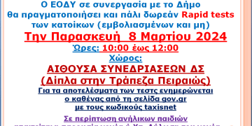 Read moreDetailsΟ ΕΟΔΥ σε συνεργασία με το Δήμο θα πραγματοποιήσει και πάλι δωρεάν Rapid tests των κατοίκων (εμβολιασμένων και μη) Την Παρασκευή 8 Μαρτίου 2024 Ώρες: 10:00 έως 12:00 Χώρος: ΑΙΘΟΥΣΑ...
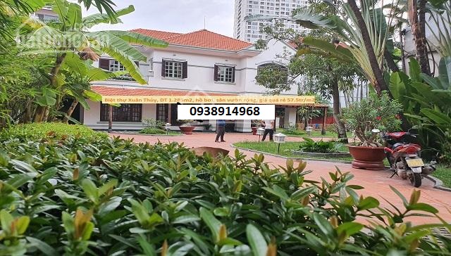 Biệt thự kiến trúc Pháp ở Thảo Điền. Diện tích lớn 1285m2, có biệt, hồ bơi, sân vườn trước nhà rất lớn. Nhà trệt, 1 lầu, 4PN, phòng làm việc, phòng cho người giúp việc đủ công năng sử dụng như dinh thự.
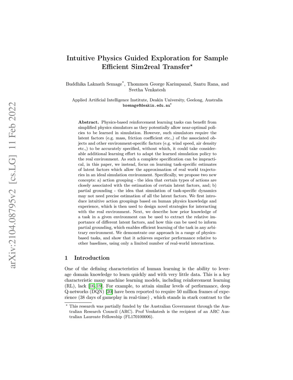 Physics-based reinforcement learning tasks can benefit from simplified physics simulators as they potentially allow near-optimal policies to be learned in simulation. However, such simulators require the latent factors (e.g. mass, friction coefficient etc.) of the associated objects and other environment-specific factors (e.g. wind speed, air density etc.) to be accurately specified, without which, it could take considerable additional learning effort to adapt the learned simulation policy to the real environment. As such a complete specification can be impractical, in this paper, we instead, focus on learning task-specific estimates of latent factors which allow the approximation of real world trajectories in an ideal simulation environment. Specifically, we propose two new concepts: a) action grouping - the idea that certain types of actions are closely associated with the estimation of certain latent factors, and; b) partial grounding - the idea that simulation of task-specific dynamics may not need precise estimation of all the latent factors. We first introduce intuitive action groupings based on human physics knowledge and experience, which is then used to design novel strategies for interacting with the real environment. Next, we describe how prior knowledge of a task in a given environment can be used to extract the relative importance of different latent factors, and how this can be used to inform partial grounding, which enables efficient learning of the task in any arbitrary environment. We demonstrate our approach in a range of physics based tasks, and show that it achieves superior performance relative to other baselines, using only a limited number of real-world interactions.
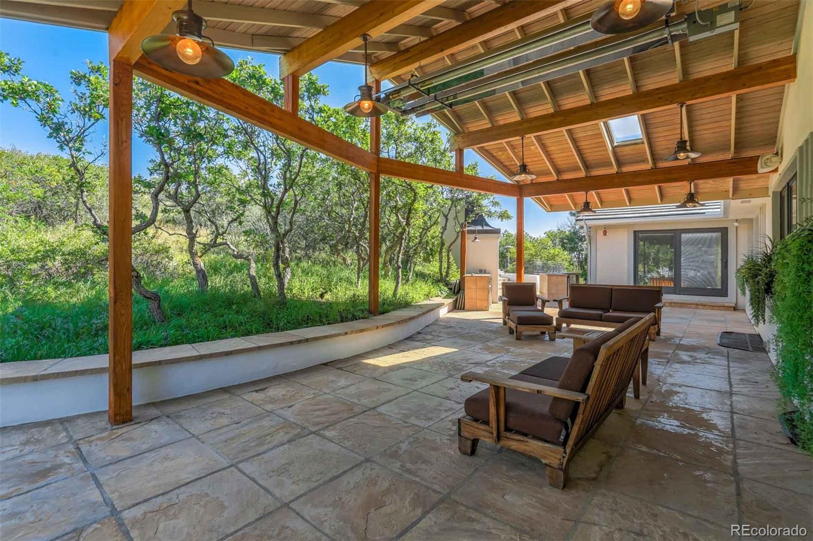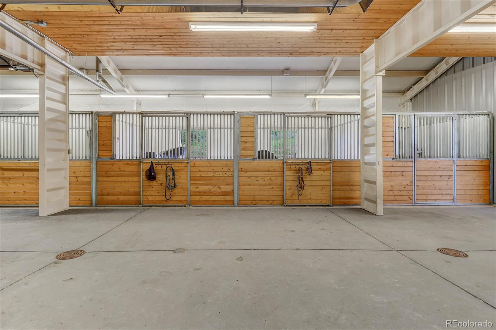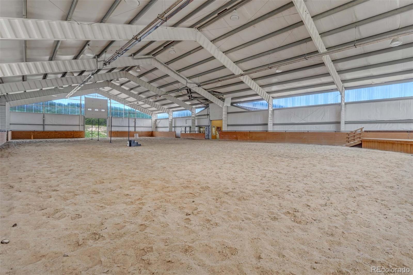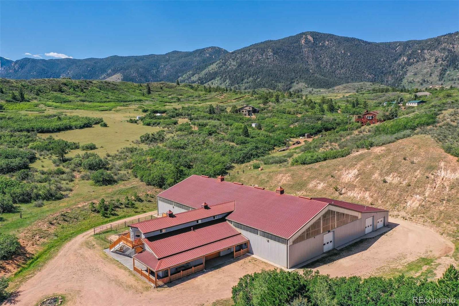 Luxury equestrian modern home on 13+ acres w/indoor riding arena, & barn w/studio. As you enter natural slate & solid hardwd flrs lead you to the great rm. Large bay window captures views of the valley. The light & bright great rm features a wd burning FP w/flr to ceiling slate & granite surround, built-ins & entertainment cabinet. The views & natural light continue in the chefs dream kitchen. Designer glass countertop island w/breakfast bar, craftsman-built cabinets, subway tile, commercial SS appliances, LED lighting, dumb waiter, pantry w/ pull out drawers & more! Walk out to the backyard oasis w/expansive multi-tier flagstone patio incl a covered/heated area w/built-in kitchen grill/smoker, 2 beverage taps, bar, & stream/waterfall features on either side. Lighted/fenced sports court perfect for pickle ball in the beautiful private setting. Back inside the formal dining rm features chandelier & wd flrs. The main lvl primary suite is loaded w/amenities; walk-out access, panoramic views, FP, sitting area, lux 5pc bath w/standalone jetted tub w/great mtn views, spa shower w/steam, radiant heat flr, separate glass vanities w/ floor to ceiling glass tile walls, custom luxury closet, & adj laundry rm w/cabinets & 2 sinks. 2nd main level bedrm has built in shelving & in-wall bed, offering a flexible guest rm w/nearby full bath. The walk-out bsmnt offers a large wd bar w/plenty of seating, space for pool table & sitting area w/wd burning stove. Lower-lvl office captures mtn views & has wall of built-in shelving & desk. 1 of the 2 bsmnt bedrms has sitting area while the other bedrm is setup as a workout rm. Both have easy access to hall bath w/steam shower. Quick walk to the heated/irrigated 140x80 riding arena, 60x40 shop w/concrete floor, 5 stall barn w/tongue & groove walls/ceiling, multiple large entries/exits, tack rm, handicap accessible bath, spacious 1bd 1ba barndominium w/full kitchen above, & more. Must see CO luxury ranch w/great access.

• [What this task involves]
Output the data above exactly, beginning at its first line and ending with the line that holds "Biệt thự kiến". Leave out the pictures and add nothing.

• [Response to this exercise]
 Read moreDetailsΟ ΕΟΔΥ σε συνεργασία με το Δήμο θα πραγματοποιήσει και πάλι δωρεάν Rapid tests των κατοίκων (εμβολιασμένων και μη) Την Παρασκευή 8 Μαρτίου 2024 Ώρες: 10:00 έως 12:00 Χώρος: ΑΙΘΟΥΣΑ...
 Biệt thự kiến trúc Pháp ở Thảo Điền. Diện tích lớn 1285m2, có biệt, hồ bơi, sân vườn trước nhà rất lớn. Nhà trệt, 1 lầu, 4PN, phòng làm việc, phòng cho người giúp việc đủ công năng sử dụng như dinh thự.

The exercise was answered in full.